The government’s statement claims possession of the documents by Mr Miranda, Mr Greenwald and the Guardian posed a threat to national security, particularly because Mr Miranda was carrying a password alongside a range of electronic devices on which classified documents were stored.
Keeping passwords separate from the computer files or accounts to which they relate is a basic security step.
Oliver Robbins, the deputy national security adviser for intelligence, security and resilience in the Cabinet Office, said in his 13-page submission: “The information that has been accessed consists entirely of misappropriated material in the form of approximately 58,000 highly classified UK intelligence documents.
“I can confirm that the disclosure of this information would cause harm to UK national security."
It bothers me to have to say this, but is it possible that out of 58,000 documents, Greenwald et als don't know what all they have their hands on, might actually have some information that would compromise human intelligence assets (that is to say, get friendly folks killed) and lack the good sense not to handle them like a Kindle full of trashy novels? Just asking. Because the road to ruin is paved with good intentions slathered in a mortar of stupid. And this episode looks like a trowel-full of the latter, even if you allow that the journalists in question are brimming with the former. And would this not suggest reasons why people do keep government secrets secretively?
(And in other news, I remain fascinated by the tale of Our Man in Moscow, whose mysterious inability to berth himself in any other asylum-granting happy spot--Venezuela, Ecuador, Fernando Poo, Latveria, Qwghlm--having set forth on the curious route of Hong Kong to Sheremetyevo, has not entirely been explained. One does not know what to make of his spending time in the Russian consulate prior to embarking for Moscow. I know he's not the story, either.

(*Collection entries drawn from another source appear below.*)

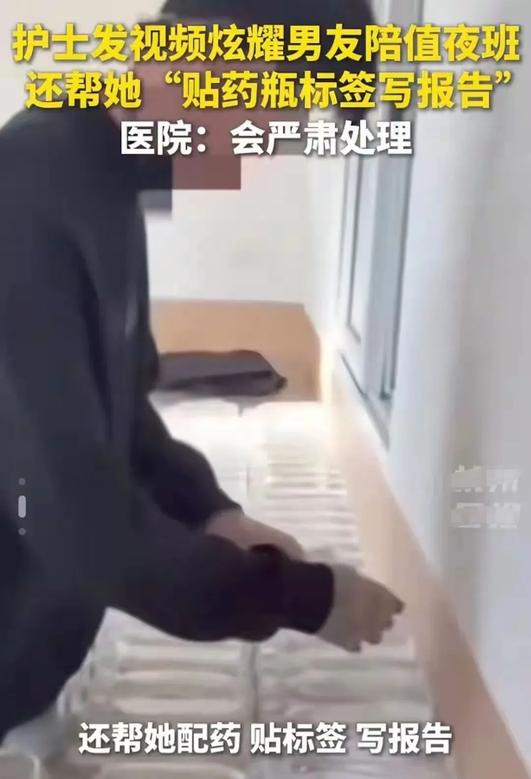 她在上夜班的时候带着男朋友,发视频秀恩爱,秀出来的内容差点把所在医院的病人吓坏,她居然让外行男友帮她配药,贴药瓶标签,还写报告……
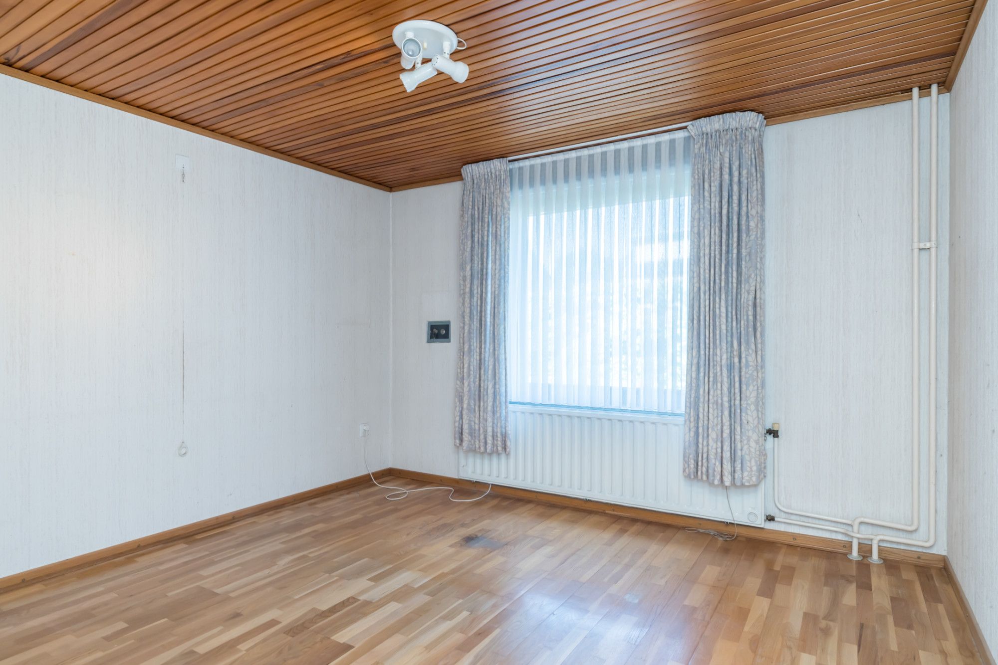 De L-vormige woonkamer is voorzien van inbouwspots en een tegelvloer. In de aanbouw is er tuincontact via twee grote ramen en een deur. Vanuit de woonkamer is er toegang tot de oprit en de keuken.
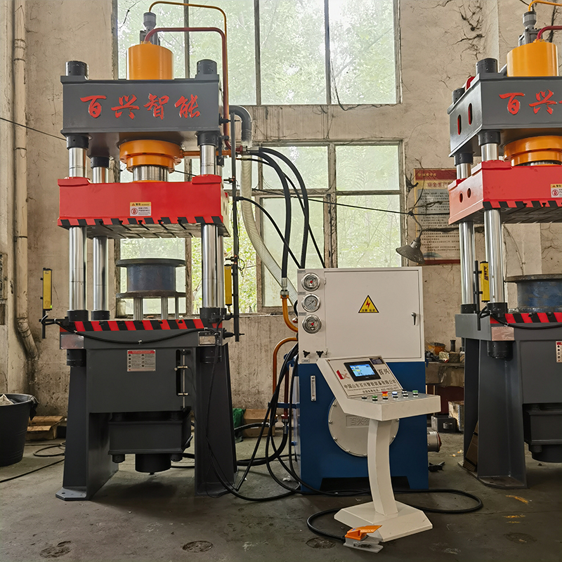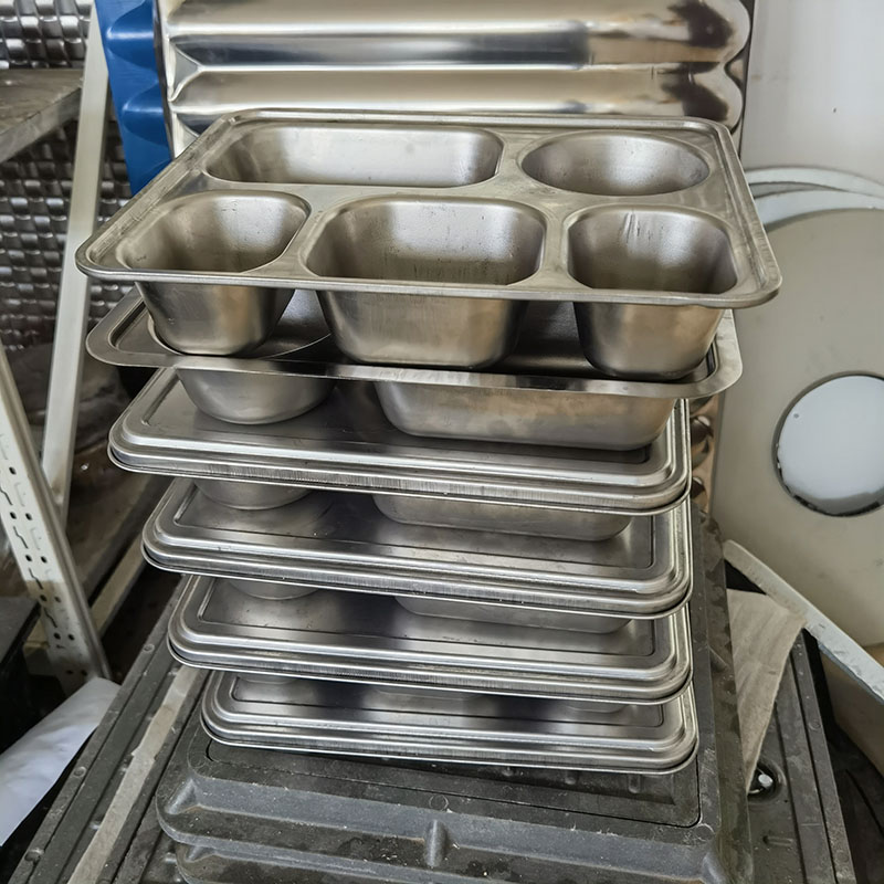 Description: This machine is a 150 ton hydraulic press used for producing stainless steel plates and lunch boxes.
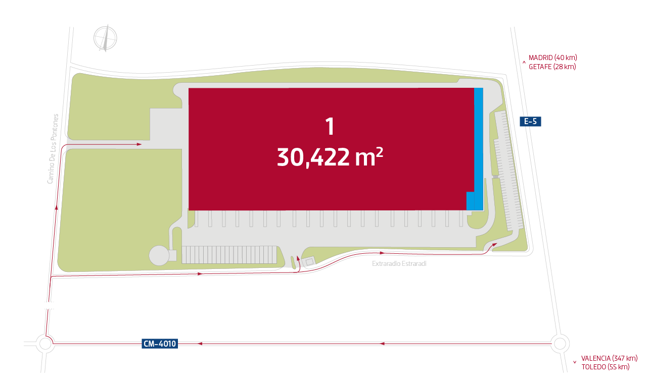 Situé dans la zone industrielle établie de Seseña dans le centre de l'Espagne, cette propriété est facilement accessible à d'autres villes éminentes à travers le pays. Il se trouve à environ 37 km au sud de Madrid, via les autoroutes R4 et E5. Les grandes entreprises de la région comprennent Lidl, Artesolar et DHL. La propriété a été construite en 2000, comprenant une unité logistique rectangulaire et autonome de 30 422 m2. Le bâtiment est construit en béton préfabriqué avec une façade en métal stratifié.
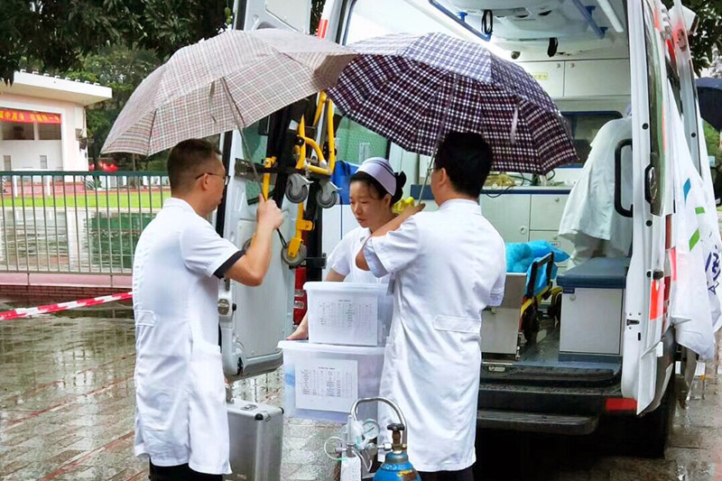 6月7日清晨,南方医院急诊科主任李旭带领科室骨干和相关人员,冒着大雨前往广铁一中为高考考生提供医疗保障服务。
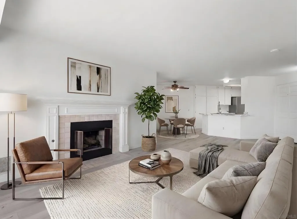 Panoramic hillside views overlooking Mission Valley highlight this beautifully upgraded ground-floor condo in the sought-after City Scene community. This spacious 3-bedroom, 2-bath home offers approximately 1,271 sq ft of comfortable living space in a prime central San Diego location. The open and inviting interior features luxury vinyl plank flooring, fresh interior paint, and a bright living area with a cozy fireplace. The upgraded kitchen showcases elegant marble countertops and ample space for cooking and entertaining. A standout feature is the seamless indoor-outdoor living. Sliding doors from the living room, primary bedroom, and second bedroom open directly to a private patio capturing eye-catching mountain and valley views above Mission Valley—perfect for morning coffee, relaxing evenings, and enjoying San Diego’s year-round coastal climate. The primary suite includes a remodeled bathroom with dual vanities and an updated shower enclosure, while additional bedrooms offer flexibility for guests, a home office, or extra living space. Additional highlights include three parking spaces, including a private tandem garage plus an additional permitted space. City Scene amenities include a pool, spa, fitness center, and BBQ areas. Ideally located near Fashion Valley Mall, Snapdragon Stadium, several naval bases, major freeways, beaches, universities, and downtown San Diego. The property is also available for rent at $3,700/monthly.
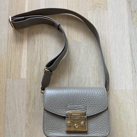 Furla Metropolis Mini Crossbody laukku, väri musta. Laukussa irrotettava ketjuolkain, sisällä tekstiilivuori ja avotasku. Lukko hieman kulunut, näkyy kuvassa. Mukaan paperikassi ja dustbag. Mitat n. 13x17x7cm.
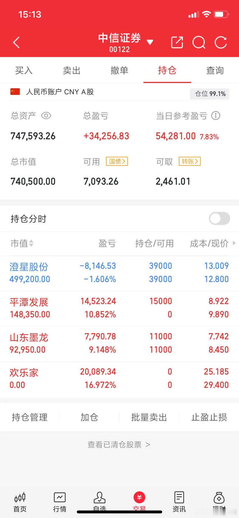 11.13持仓总结:平潭发展今日水下低吸建仓,午后成功封板,期待明日延续强势表现;山东墨龙上周布局,昨日斩获一板后,今日收盘仍录得5%涨幅,势头向好,盼明日再续升势;澄心股份继续持有观望,暂不调整策略。今日止盈欢乐家,落袋为安,留下的朋友祝一路长虹,继续吃肉!
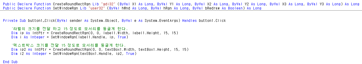 * VBNET API 를 이용한 컨트롤 (Control ) 모서리 둥글게 하기 예제...
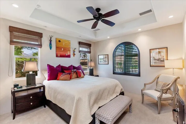 Enjoy a little piece of paradise in this renovated Montana 1 with panoramic views of the 10th hole of Jones course in Rancho la Quinta. This 4 bdrm 5 bath cornerstone of tranquility is fiercly intentional about your privacy and comfort. This luxurious home is complete with 3 bdrms inside and a large detached casita complete with a King bed and small kitchenette! The spa inspired bathrooms and a gourmet chefs kitchen all combine to supercharge your senses while blending the natural peace from a desert living experience. Now available for LEASE – Oct, Nov, Jan and April!
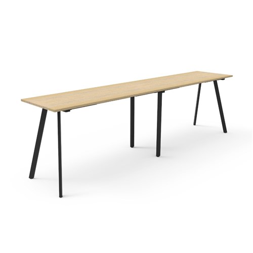 Rapidline Eternity High Bar Table 3600W x 750D x 1050mmH Natural Oak Top Black Frame

But if you don't find that interesting, what does interest you?)
1 comment:
Writers don't get to decide what the story is. Even Milton and Tolstoy lied shamelessly about Satan and Anna K respectively, and Greenwald is not quite in that league either as writer or as truth-teller. I don't think there is a "the" story here, but Snowden is certainly a story. Greenwald just isn't writing it very well. Nor the story about the NSA.